Jack Jarvis

Personal information
- Full name: Jack Alexander Jarvis
- Born: 29 May 2003 (age 23) Livingston, Scotland
- Batting: Right-handed
- Bowling: Right-arm medium-fast
- Role: Bowler

International information
- National side: Scotland (2023–present);
- ODI debut (cap 75): 17 February 2023 v Nepal
- Last ODI: 13 August 2026 v Canada
- T20I debut (cap 57): 11 March 2024 v United Arab Emirates
- Last T20I: 17 April 2026 v Namibia

Career statistics
| Competition | ODI | T20I | LA | T20 |
| Matches | 23 | 9 | 26 | 20 |
| Runs scored | 135 | 92 | 165 | 92 |
| Batting average | 10.38 | 15.33 | 11.00 | 11.50 |
| 100s/50s | 0/0 | 0/0 | 0/0 | 0/0 |
| Top score | 30 | 32* | 30 | 32* |
| Balls bowled | 755 | 160 | 869 | 292 |
| Wickets | 27 | 11 | 30 | 22 |
| Bowling average | 25.81 | 21.45 | 27.40 | 19.13 |
| 5 wickets in innings | 0 | 0 | 0 | 0 |
| 10 wickets in match | 0 | 0 | 0 | 0 |
| Best bowling | 4/40 | 3/14 | 4/40 | 4/34 |
| Catches/stumpings | 7/– | 2/– | 7/– | 7/– |
- Source: Cricinfo, 25 September 2026

= Jack Jarvis (cricketer) =

Scottish cricketer (born 2003)

Jack Alexander Jarvis (born 29 May 2003) is a Scottish cricketer who plays as a medium fast bowler.

Playing alongside his father, Jarvis started off playing for Livingston Cricket Club in West Lothian.

==International career==
In January 2023, he was named in national squad for the 2023 Nepal Tri-Nation Series which was part of 2019–2023 ICC Cricket World Cup League 2.
He made his One Day International debut on 17 February 2023 against Nepal at Tribhuvan University International Cricket Ground. In May 2023, he was named in Scotland's 15-member squad for 2023 Cricket World Cup Qualifier.

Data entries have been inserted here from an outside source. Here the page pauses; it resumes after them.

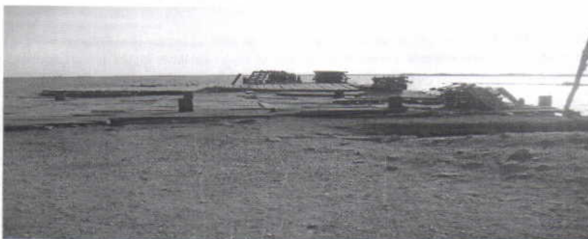
Ilustración del muelle de PENSOPÓRT S. A., el día 6 de febrero de 2015

La imagen muestra cómo se encontró el Puerto de la Asociación Portuaria de la Península S. A. (PENSOPORT S. A.), el día 6 de Febrero de 2015, es decir no había operación ni barcos en el muelle pero informaron que estaban a la espera del arribo de una embarcación que se observaba fondeada mar afuera en espera de la revisión de los guardacostas para la autorización de arribo o atracó al Puerto.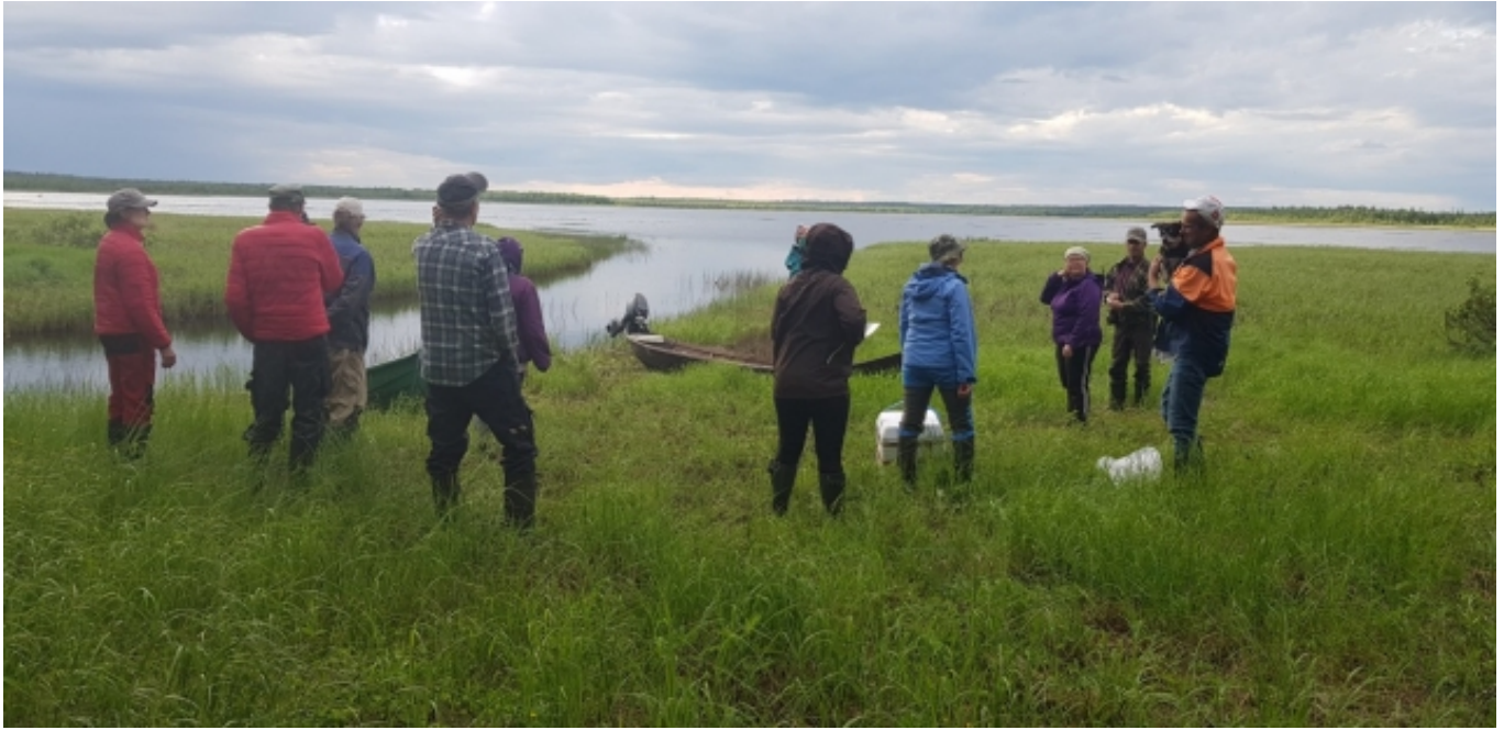
Kuva 4. Infotilaisuuden jälkeen halukkaat tulivat mukaan Soasjärvelle, josta otettiin samalla vesinäytteet.

olijoita ohjeistettiin ottamaan levää puhtaaseen 0,5l limpparipulloon ja laittamaan Matkahuollon kyydillä ELY-keskuksen levärinkiin.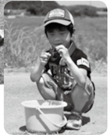
大きいのが釣れたね

In February 2024, he was named in Scotland's T20I squad for the series against UAE. He made his Twenty20 International debut against United Arab Emirates at Dubai International Cricket Stadium, on 11 March 2024.

In May 2024, he was named in Scotland’s squad for the 2024 ICC Men's T20 World Cup tournament.